== Aim of the exercise ==
Your answer must match, word for word, the lines from the one holding "似顔絵グラフィックの似顔絵は" through the final line below, with pictures excluded.

===== Supplied data

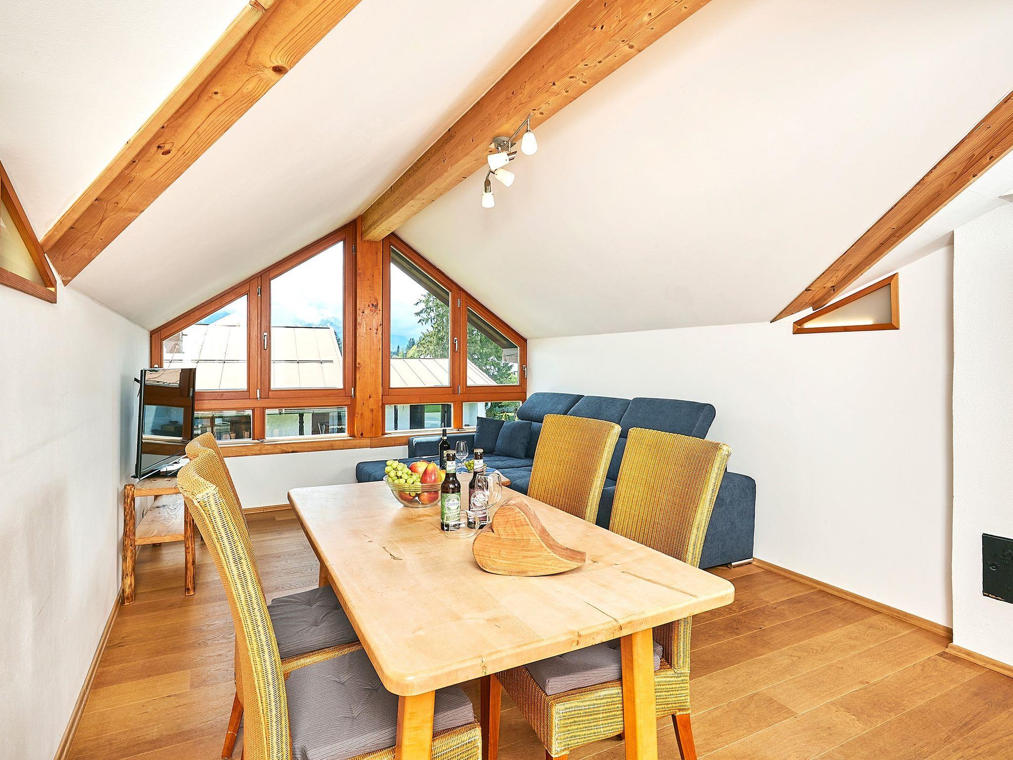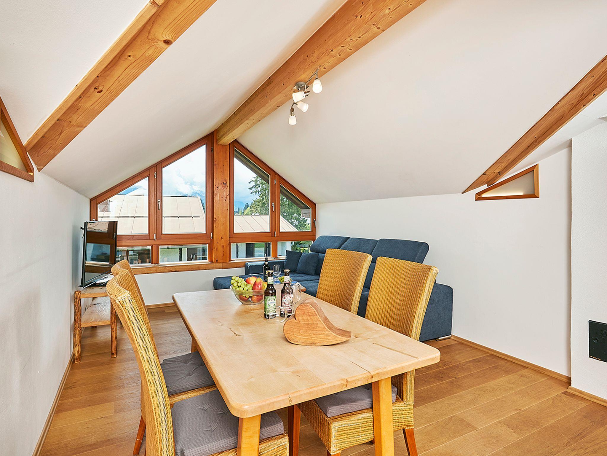 Treten Sie ein in diese großzügige Dachwohnung, die auf einer eigenen Etage Ihre ganz persönliche Auszeit verspricht. Zwei Schlafzimmer, zwei Balkone und ein wunderschöner Ausblick auf die majestätischen Berge schaffen eine Atmosphäre, in der Sie sich rundum wohlfühlen werden. Die komplett ausgestattete Küche lässt keine Wünsche offen und lädt zu gemeinsamen Kochabenden ein. Der große Wohnbereich mit einem gemütlichen Ecksofa und einem Flachbild-TV ist der perfekte Ort, um den Tag bei einem guten Film oder einem spannenden Buch ausklingen zu lassen. Die beiden Schlafzimmer bieten nicht nur Ruhe, sondern auch einen Platz für Entspannung – sei es im gemütlichen Doppelbett oder auf der Couch mit Blick auf die Natur. Das Badezimmer ist ein Ort der Erfrischung mit einer modernen Dusche und einem Fön. Genießen Sie die frische Bergluft auf den Balkonen – einer nach Osten, der andere nach Westen – und lassen Sie sich von den wechselnden Lichtstimmungen verzaubern.
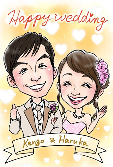 似顔絵グラフィックの似顔絵は、似ているだけというものではなく、お描きする二人の雰囲気、幸せそうな笑顔を想像し、絵で表現いたします。
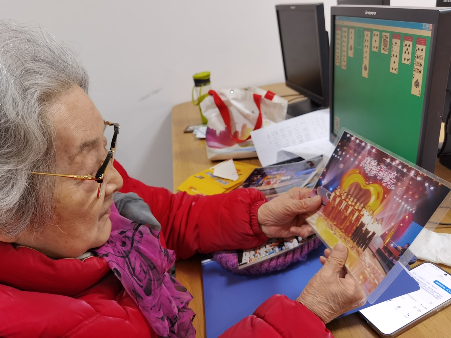 敬老院的工作人员发现,寿惠芳变了。往常,寿惠芳在活动室上网、玩蜘蛛纸牌,最近却一坐下就戴上老花镜,对着手机麦克风练习发音。

==========

== Answer to the exercise ==
 似顔絵グラフィックの似顔絵は、似ているだけというものではなく、お描きする二人の雰囲気、幸せそうな笑顔を想像し、絵で表現いたします。
 敬老院的工作人员发现,寿惠芳变了。往常,寿惠芳在活动室上网、玩蜘蛛纸牌,最近却一坐下就戴上老花镜,对着手机麦克风练习发音。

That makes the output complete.